Erisphex is a genus of marine ray-finned fish, velvetfishes belonging to the family Aploactinidae. The genus is found in the Indian and western Pacific oceans.

==Taxonomy==
Erisphex was originally described as a genus in 1904 by the American ichthyologists David Starr Jordan and Edwin Chapin Starks with Cocotropus pottsii, which had been first formally described in 1896 from Kobe in Japan by Franz Steindachner, designated as the type species.
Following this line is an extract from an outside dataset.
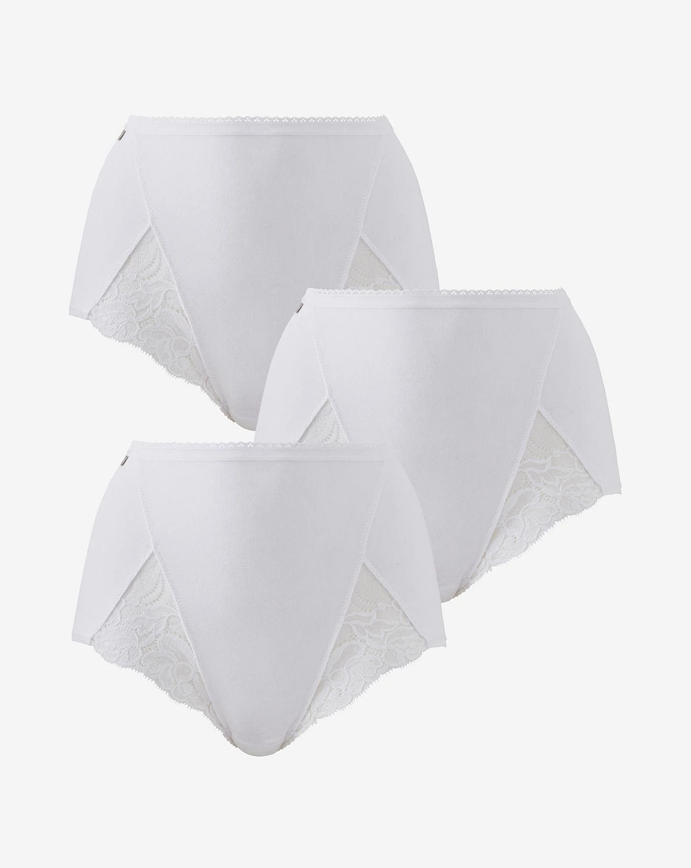 Cotton and lace 3 pack maxi briefs offer absolute comfort everyday. Ultra soft stretch cotton with lace inset at front legs. Great cut and coverage for a perfect fit and feel.

The genus Erisphex is classified within the family Aploactinidae in the suborder Scorpaenoidei within the order Scorpaeniformes, although this family is also treated as a subfamily of the stonefish family Synanceiidae within the Scorpaenoidei, which in turn is treated as a superfamily within the order Perciformes. The name of the genus, Erisphex is a compound of eri, meaning "very", and sphex, which means "wasp", this was not explained by Jordan and Starks, but is presumed to be an allusion to the venom-bearing spines in the fins of these fishes.

==Species==
There are currently four recognized species in this genus:
- Erisphex aniarus (J. M. Thomson, 1967) (Dark-finned velvetfish)
- Erisphex philippinus (Fowler, 1938)
- Erisphex pottii (Steindachner, 1896)
- Erisphex simplex L. C. Chen, 1981

==Characteristics==
Erisphex is distinguished from other velvetfishes by having a pair of large spines ion the lacrimal bone, the second spine is large and extends down over the maxilla. They also have 4 sharp spines on the preoperculum to the front of the base of the pelvic fins. These are small fishes, the largest species is E, pottii which reaches a maximum total length of 12.1 cm>

==Distribution==
Erisphex velvetfishes are found in the eastern Indian and Western Pacific Oceans as far east as New Caledonia.

==Venom==
Erisphex velvet fishes have venom glands in the base of their anal fin spine.